Objective To systematically evaluate the performance of latex method, colloidal gold immunochromatography and quantitative real-time polymerase chain reaction (qPCR) in the detection of six carbapenemases, and provide reliable evidence for the selection of rapid detection assays for carbapenemase in clinical and public health laboratories.

Methods A total of 236 strains were used for six carbapenemases detection by latex method, colloidal gold immunochromatography and qPCR and the consistency of the three methods was evaluated.
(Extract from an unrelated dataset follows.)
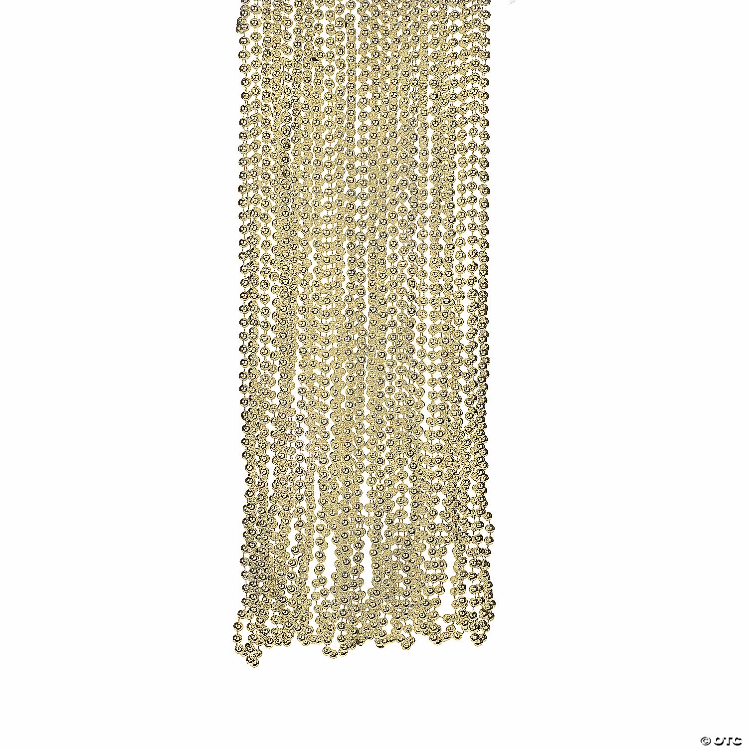 Select these Mardi Gras party supply beads in your event’s colors. Pile on these plastic metallic beads in your favorite colors for an instant party mood! They’re also great for wedding receptions, New Year’s Eve parties, bachelorette parties, birthday parties, game day outfits and more! Use them as party decorations when you drape them over lamps and furniture, or tuck them into party favor treat bags so your guests can shine the night away! (4 dozen per unit) 33″ with 6mm beads.

Results In this study, the detection results with 3 methods indicated that 58 strains were positive for Klebsiella pneumoniae carbapenemase (KPC) (24.58%), and 1 strain had inconsistent KPC detection results, which was negative by colloidal gold immunochromatography and positive by latex method and qPCR, 37 strains were positive for New Delhi metallo-β-lactamase (NDM) (15.68%), 10 strains were positive for Verona integron-encoded metallo-β-lactamase (VIM)(4.24%), 15 strains were positive for imipenemase (IMP) (6.36%), 45 strains were positive for oxacillinases 23(OXA23)(19.06%) and 10 strains were positive for oxacillinases 48 (OXA48)(4.24%). Four strains had inconsistent detection results of OXA23 by latex method and colloidal gold immunochromatography (negative) and qPCR (positive), and 2 strains had inconsistent detection results of OXA48 by latex method and colloidal gold immunochromatography (negative) and qPCR (positive). Additionally, there were 11 strains which were multiple enzyme positive by three methods, in which 3 were positive for both KPC and NDM, 1 was positive for both NDM and IMP, 1 was positive for both KPC and OXA48, 2 were positive for both NDM and OXA48 , and 4 were positive for both VIM and IMP.

Conclusion There were good consistency among the three detection methods. As a new carbapenemase genotyping detection method, latex method is simple and easy to use in the simultaneous and rapid detections of KPC, OXA48, OXA23, VIM, IMP and NDM, which can facilitate clinical diagnosis and treatment, and it is necessary to pay attention to the detection of multiple enzymes for the prevention of the spread of drug resistance.